## Try it
Search the listing below for the line containing "图3 社会商品销售总额与增长". From there through the line containing "至年末，全区入驻连锁品牌共计 64 家，全年连锁业态实现社会消费品零售额", transcribe every line exactly, both ends included.

## Dataset content
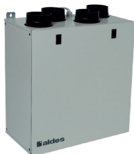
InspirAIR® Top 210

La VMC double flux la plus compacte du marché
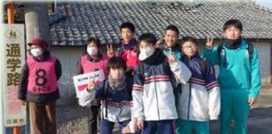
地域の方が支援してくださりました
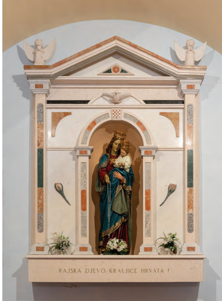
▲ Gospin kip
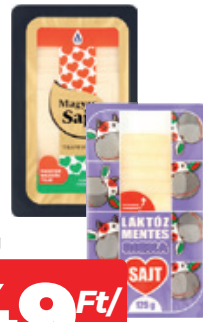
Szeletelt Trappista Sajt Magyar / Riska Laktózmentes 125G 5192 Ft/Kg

---

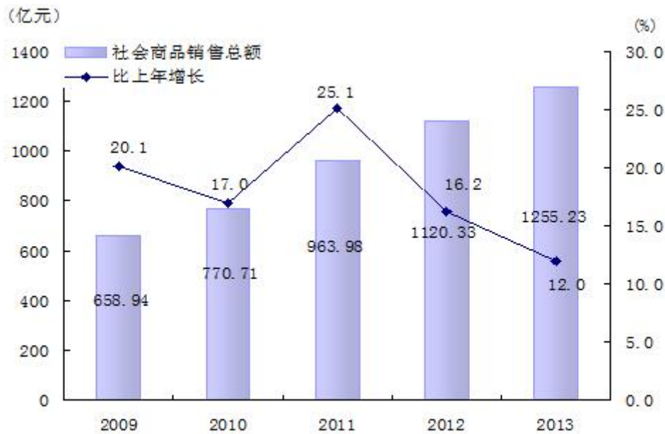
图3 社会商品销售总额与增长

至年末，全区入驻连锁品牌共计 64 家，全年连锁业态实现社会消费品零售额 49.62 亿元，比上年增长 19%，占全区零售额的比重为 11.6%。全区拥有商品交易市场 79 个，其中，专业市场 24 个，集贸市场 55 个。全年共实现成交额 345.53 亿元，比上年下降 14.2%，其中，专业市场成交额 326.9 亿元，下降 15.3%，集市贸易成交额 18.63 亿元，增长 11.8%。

## Result of this exercise
图3 社会商品销售总额与增长

至年末，全区入驻连锁品牌共计 64 家，全年连锁业态实现社会消费品零售额 49.62 亿元，比上年增长 19%，占全区零售额的比重为 11.6%。全区拥有商品交易市场 79 个，其中，专业市场 24 个，集贸市场 55 个。全年共实现成交额 345.53 亿元，比上年下降 14.2%，其中，专业市场成交额 326.9 亿元，下降 15.3%，集市贸易成交额 18.63 亿元，增长 11.8%。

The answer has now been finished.